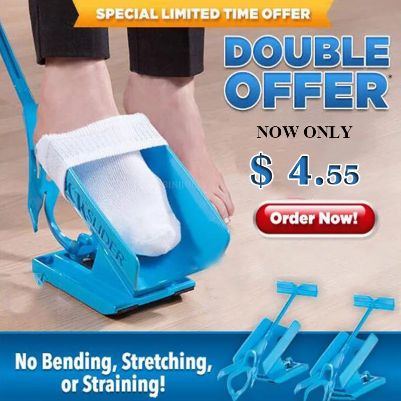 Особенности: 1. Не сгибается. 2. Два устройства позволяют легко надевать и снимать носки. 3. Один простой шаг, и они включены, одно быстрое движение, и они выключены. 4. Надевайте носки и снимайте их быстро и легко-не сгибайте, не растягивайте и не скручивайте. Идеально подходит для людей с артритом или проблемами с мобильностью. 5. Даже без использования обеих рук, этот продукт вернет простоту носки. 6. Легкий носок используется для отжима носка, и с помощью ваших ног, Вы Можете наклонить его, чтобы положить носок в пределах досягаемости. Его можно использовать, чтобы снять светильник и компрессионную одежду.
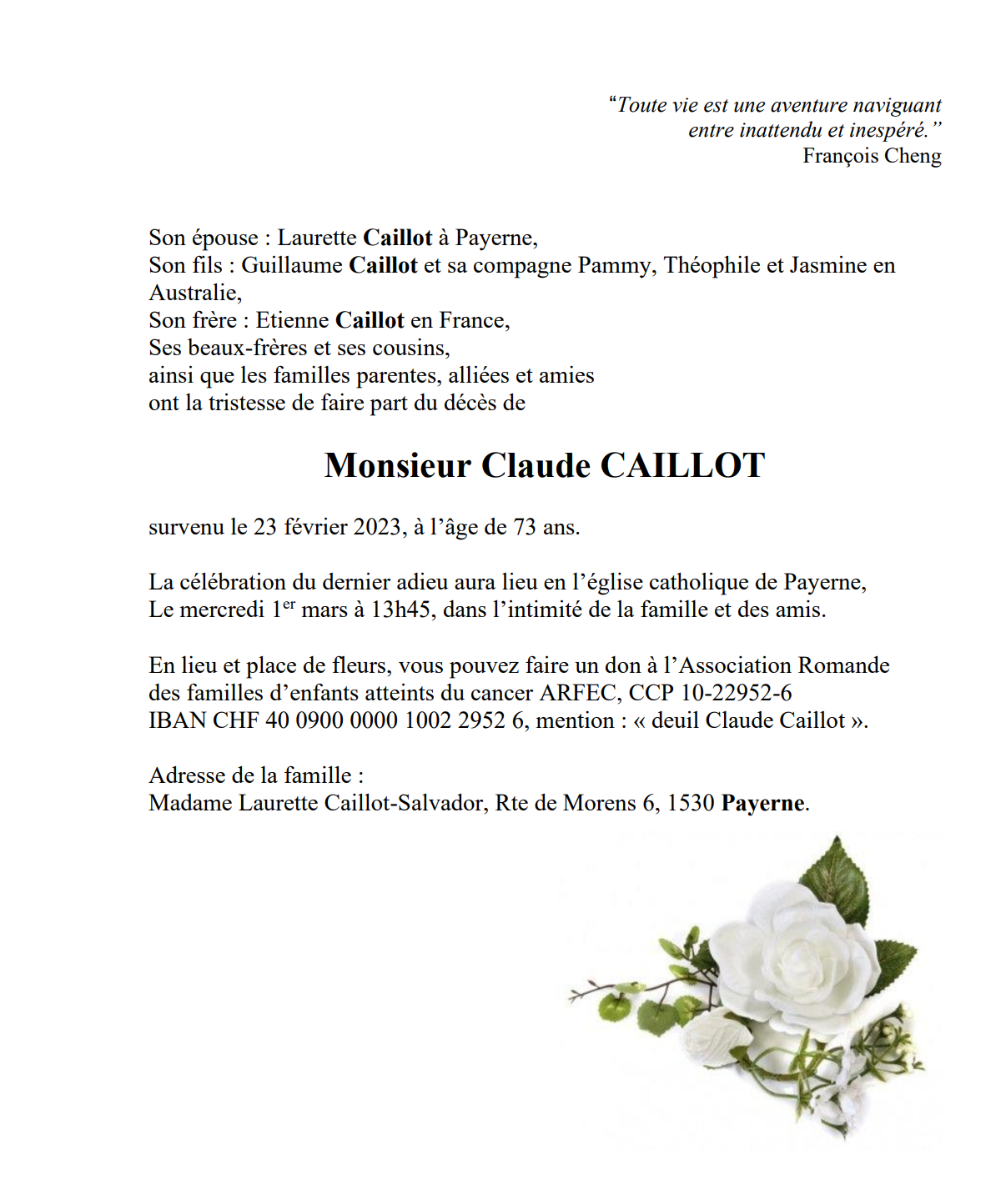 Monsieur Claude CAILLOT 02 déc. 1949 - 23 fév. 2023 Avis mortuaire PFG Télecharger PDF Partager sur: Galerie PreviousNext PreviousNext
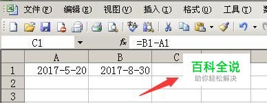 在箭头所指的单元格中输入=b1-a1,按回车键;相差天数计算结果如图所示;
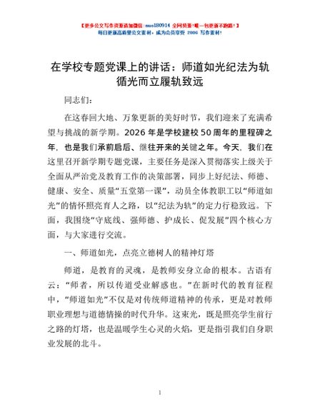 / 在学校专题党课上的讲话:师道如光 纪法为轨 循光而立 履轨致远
|---|
Please reprint the whole listing exactly and omit its pictures.

 Особенности: 1. Не сгибается. 2. Два устройства позволяют легко надевать и снимать носки. 3. Один простой шаг, и они включены, одно быстрое движение, и они выключены. 4. Надевайте носки и снимайте их быстро и легко-не сгибайте, не растягивайте и не скручивайте. Идеально подходит для людей с артритом или проблемами с мобильностью. 5. Даже без использования обеих рук, этот продукт вернет простоту носки. 6. Легкий носок используется для отжима носка, и с помощью ваших ног, Вы Можете наклонить его, чтобы положить носок в пределах досягаемости. Его можно использовать, чтобы снять светильник и компрессионную одежду.
 Monsieur Claude CAILLOT 02 déc. 1949 - 23 fév. 2023 Avis mortuaire PFG Télecharger PDF Partager sur: Galerie PreviousNext PreviousNext
 在箭头所指的单元格中输入=b1-a1,按回车键;相差天数计算结果如图所示;
 / 在学校专题党课上的讲话:师道如光 纪法为轨 循光而立 履轨致远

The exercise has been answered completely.